Print the entries below word for word; the pictures stay out of your copy.
===============
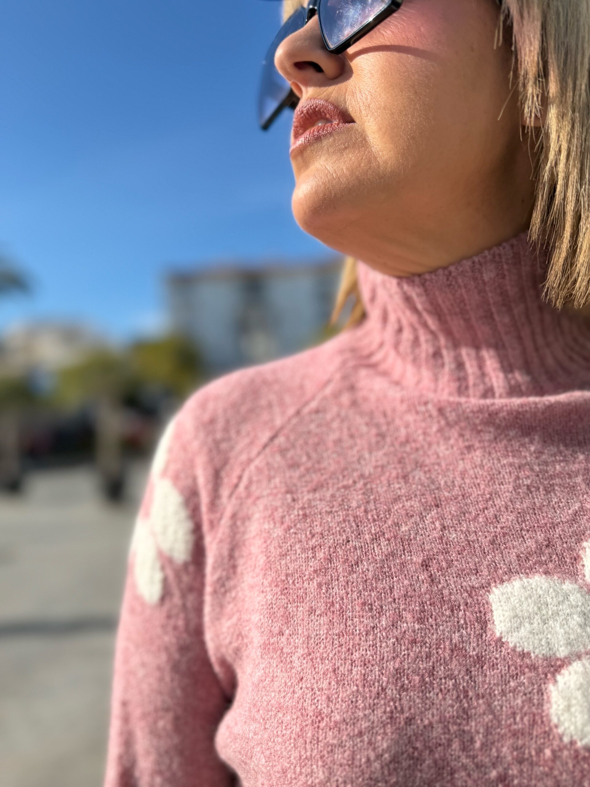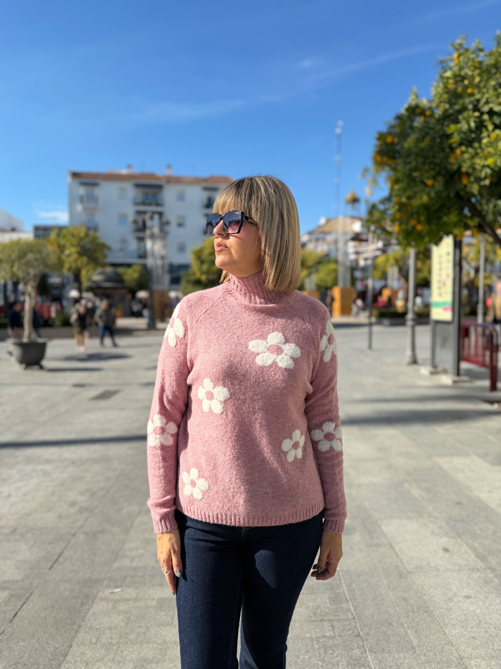 Jersey de lana muy suave y abrigado con detalle de cuello perkins. Muy combinable y cómodo. En talla única (116 ctms de contorno) ajustable a muchas tallas.
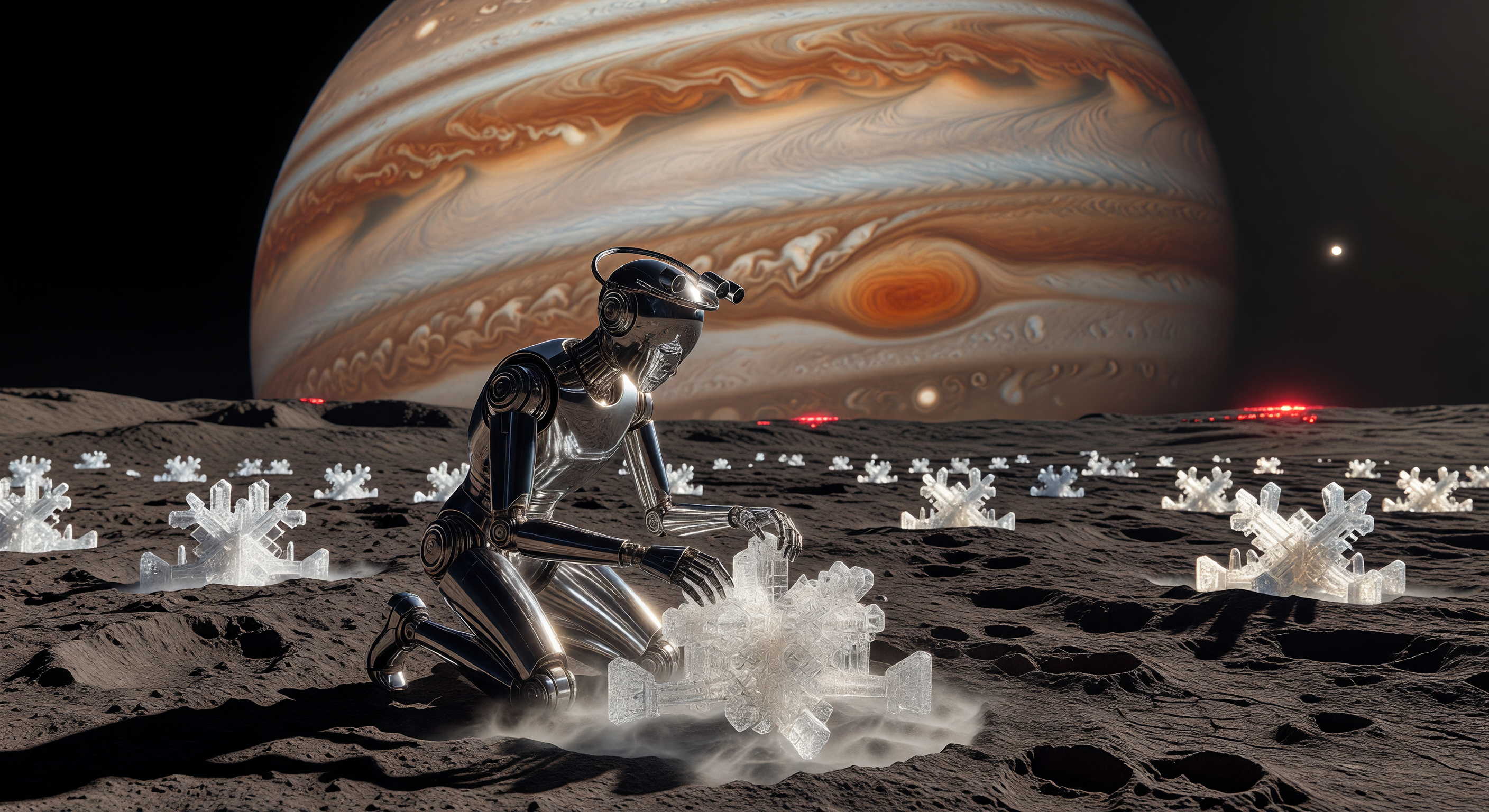The image effectively captures Callisto's dark, heavily cratered regolith surface with its characteristic dusty, icy-gray appearance, which is scientifically accurate based on Galileo and Juno mission data showing a water-ice dominant crust mixed with dark phyllosilicates and organics. Jupiter looms appropriately large in the background (subtending ~6-8° from Callisto's orbit), with accurate banded cloud features and a reddish spot evoking the Great Red Spot; the amber hue is plausible under future artistic lighting or enhanced atmospheric scattering. The fractal 'snowflake' sculptures resemble volatile ice crystals (likely water ice, given sublimation mist effects), fitting a speculative art installation, and the red 'Heat-Wings' glows match distant crimson vents. However, the robot is a bipedal humanoid with only two visible arms, contradicting the caption's 'multi-limbed' description—a clear mismatch requiring prompt adjustment for additional manipulators. No major anachronisms; tech is coherently futuristic for 250-300 CE, with visual plausibility enhanced by vacuum dust effects and starry void. Minor issues like exaggerated lighting glows are artistically forgivable but could be refined for stricter realism.
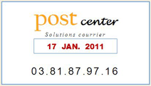 Courriel : postcenter(@)sfr.fr Téléphone : 03 81 87 97 16 | Voir le marquage (gif - 10,83 Ko) | Services d’envois de correspondance incluant la distribution. Agglomérations de Besançon et ses alentours |
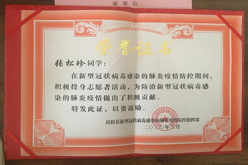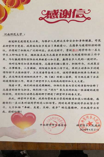 信中写道:“在新型冠状病毒肆虐,四处扩散,威胁着人民群众的生命安危之时,志愿者凝心聚力、积极作为,贵校社会事业学院2019级社会学类专业张江同学自愿参加我乡抗击疫情志愿者,用实际行动诠释了志愿服务精神,展现了新时代大学生的精神风貌,担起了新时代青年肩上的重任。”“贵校学生张松珍积极参与疫情防控志愿服务队,在家乡需要之时,挺身而出、勇担使命,尽己所能、贡献力量。其优秀表现,赢得了民权县委、县政府及社会各界的高度认可。”此外,信中还提到,感谢贵校社会事业学院一直以来对该同学的关心与培育,同时鼓励其不负学院的培养与教育。
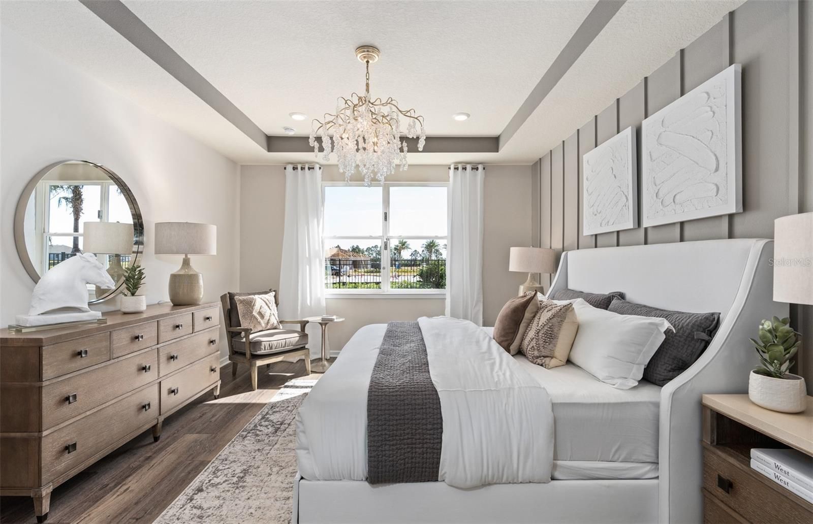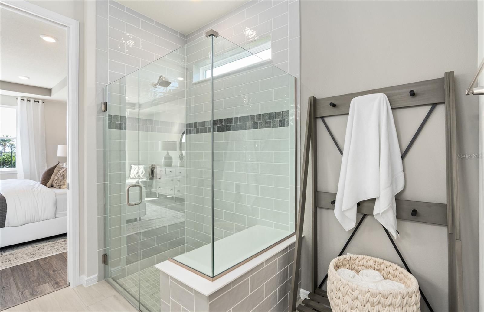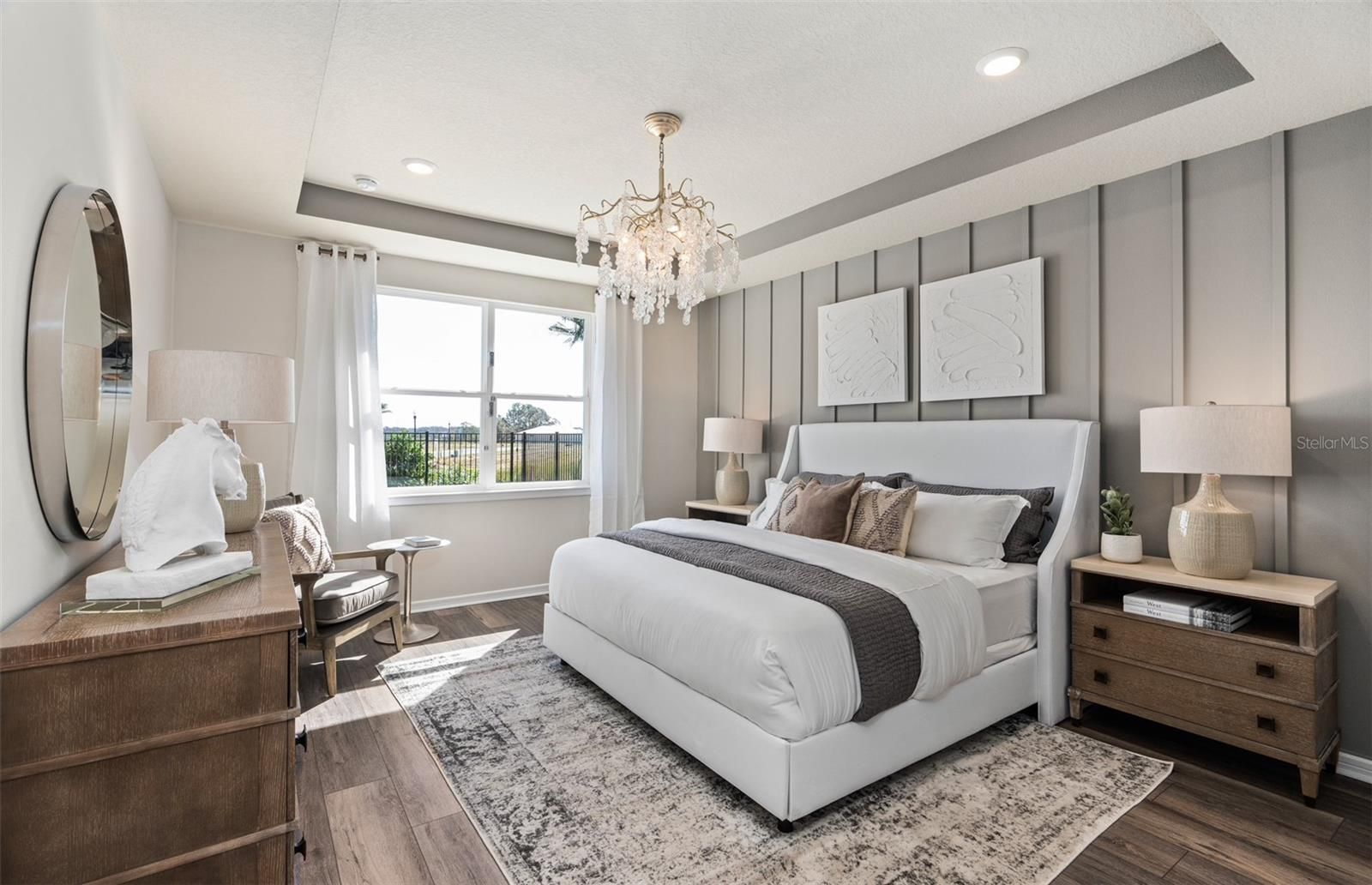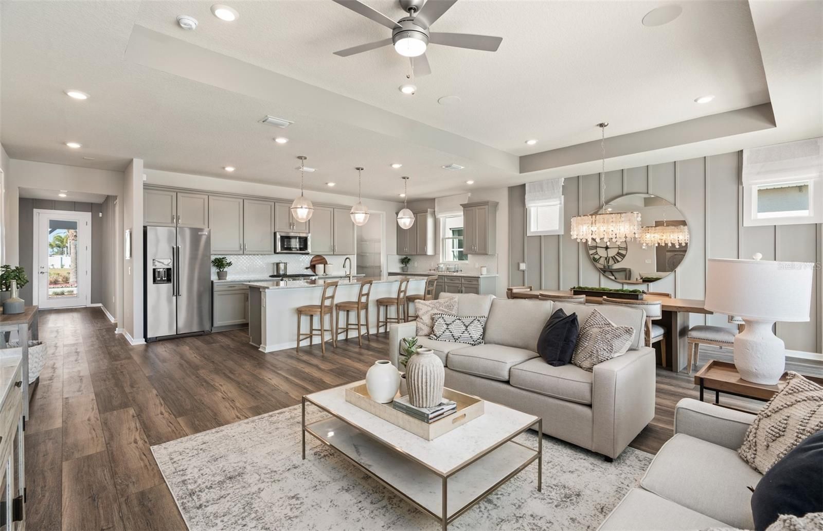 Experience the perfect blend of luxury and convenience with the Palmary dream home. Formerly a model home, this stunning one-story residence showcases a thoughtfully designed layout with 3 spacious bedrooms, 2 full bathrooms, and a 2-car garage. Enjoy your private outdoor oasis featuring an in-ground pool with a sun shelf and a covered lanai pre-plumbed for an outdoor kitchen. Step inside to the heart of the home, the gourmet kitchen is a standout feature, equipped with 42" Stone Gray cabinetry, quartz countertops, a sophisticated decorative tile backsplash, stainless steel sink, and upgraded faucet. Whirlpool stainless steel appliances, including a refrigerator and natural gas range, complete this culinary haven. The open-concept living area, flooded with natural light from expansive windows and highlighted by tall ceilings and a tray ceiling at the gathering room, creates an airy, welcoming space perfect for relaxing or entertaining. Retreat to the luxurious owner’s suite, a serene sanctuary with a spacious walk-in closet and a spa-like en suite bathroom. Dual vanity sinks, a frameless glass enclosed walk-in shower with a built-in bench, an enclosed toilet, and a linen closet complete the tranquil space. At the front of the home, the two spare bedrooms and bathroom provide ample space for guests or personal use. The practical laundry room, complete with built-in cabinetry, a utility sink trimmed in quartz, and Whirlpool washer and dryer makes everyday tasks a breeze. Designer-curated selections elevate this home with pendant pre-wiring, comfort-height toilets, brushed nickel hardware and plumbing fixtures, Sherwin Williams City Loft interior paint, and wood-look luxury vinyl plank flooring throughout the entire home (except for the bathrooms and laundry rooms which are outfitted with tile). For modern convenience, this home is equipped with a smart thermostat, surround sound pre-wire, security system pre-wire, digital IP camera pre-wire, LED downlights, and additional data ports. Blending luxury, comfort, and cutting-edge connectivity, this home is designed for today’s lifestyle. Schedule an appointment to see it today!
===============
- [Result]
 Jersey de lana muy suave y abrigado con detalle de cuello perkins. Muy combinable y cómodo. En talla única (116 ctms de contorno) ajustable a muchas tallas.
The image effectively captures Callisto's dark, heavily cratered regolith surface with its characteristic dusty, icy-gray appearance, which is scientifically accurate based on Galileo and Juno mission data showing a water-ice dominant crust mixed with dark phyllosilicates and organics. Jupiter looms appropriately large in the background (subtending ~6-8° from Callisto's orbit), with accurate banded cloud features and a reddish spot evoking the Great Red Spot; the amber hue is plausible under future artistic lighting or enhanced atmospheric scattering. The fractal 'snowflake' sculptures resemble volatile ice crystals (likely water ice, given sublimation mist effects), fitting a speculative art installation, and the red 'Heat-Wings' glows match distant crimson vents. However, the robot is a bipedal humanoid with only two visible arms, contradicting the caption's 'multi-limbed' description—a clear mismatch requiring prompt adjustment for additional manipulators. No major anachronisms; tech is coherently futuristic for 250-300 CE, with visual plausibility enhanced by vacuum dust effects and starry void. Minor issues like exaggerated lighting glows are artistically forgivable but could be refined for stricter realism.
 Courriel : postcenter(@)sfr.fr Téléphone : 03 81 87 97 16 | Voir le marquage (gif - 10,83 Ko) | Services d’envois de correspondance incluant la distribution. Agglomérations de Besançon et ses alentours |
 信中写道:“在新型冠状病毒肆虐,四处扩散,威胁着人民群众的生命安危之时,志愿者凝心聚力、积极作为,贵校社会事业学院2019级社会学类专业张江同学自愿参加我乡抗击疫情志愿者,用实际行动诠释了志愿服务精神,展现了新时代大学生的精神风貌,担起了新时代青年肩上的重任。”“贵校学生张松珍积极参与疫情防控志愿服务队,在家乡需要之时,挺身而出、勇担使命,尽己所能、贡献力量。其优秀表现,赢得了民权县委、县政府及社会各界的高度认可。”此外,信中还提到,感谢贵校社会事业学院一直以来对该同学的关心与培育,同时鼓励其不负学院的培养与教育。
 Experience the perfect blend of luxury and convenience with the Palmary dream home. Formerly a model home, this stunning one-story residence showcases a thoughtfully designed layout with 3 spacious bedrooms, 2 full bathrooms, and a 2-car garage. Enjoy your private outdoor oasis featuring an in-ground pool with a sun shelf and a covered lanai pre-plumbed for an outdoor kitchen. Step inside to the heart of the home, the gourmet kitchen is a standout feature, equipped with 42" Stone Gray cabinetry, quartz countertops, a sophisticated decorative tile backsplash, stainless steel sink, and upgraded faucet. Whirlpool stainless steel appliances, including a refrigerator and natural gas range, complete this culinary haven. The open-concept living area, flooded with natural light from expansive windows and highlighted by tall ceilings and a tray ceiling at the gathering room, creates an airy, welcoming space perfect for relaxing or entertaining. Retreat to the luxurious owner’s suite, a serene sanctuary with a spacious walk-in closet and a spa-like en suite bathroom. Dual vanity sinks, a frameless glass enclosed walk-in shower with a built-in bench, an enclosed toilet, and a linen closet complete the tranquil space. At the front of the home, the two spare bedrooms and bathroom provide ample space for guests or personal use. The practical laundry room, complete with built-in cabinetry, a utility sink trimmed in quartz, and Whirlpool washer and dryer makes everyday tasks a breeze. Designer-curated selections elevate this home with pendant pre-wiring, comfort-height toilets, brushed nickel hardware and plumbing fixtures, Sherwin Williams City Loft interior paint, and wood-look luxury vinyl plank flooring throughout the entire home (except for the bathrooms and laundry rooms which are outfitted with tile). For modern convenience, this home is equipped with a smart thermostat, surround sound pre-wire, security system pre-wire, digital IP camera pre-wire, LED downlights, and additional data ports. Blending luxury, comfort, and cutting-edge connectivity, this home is designed for today’s lifestyle. Schedule an appointment to see it today!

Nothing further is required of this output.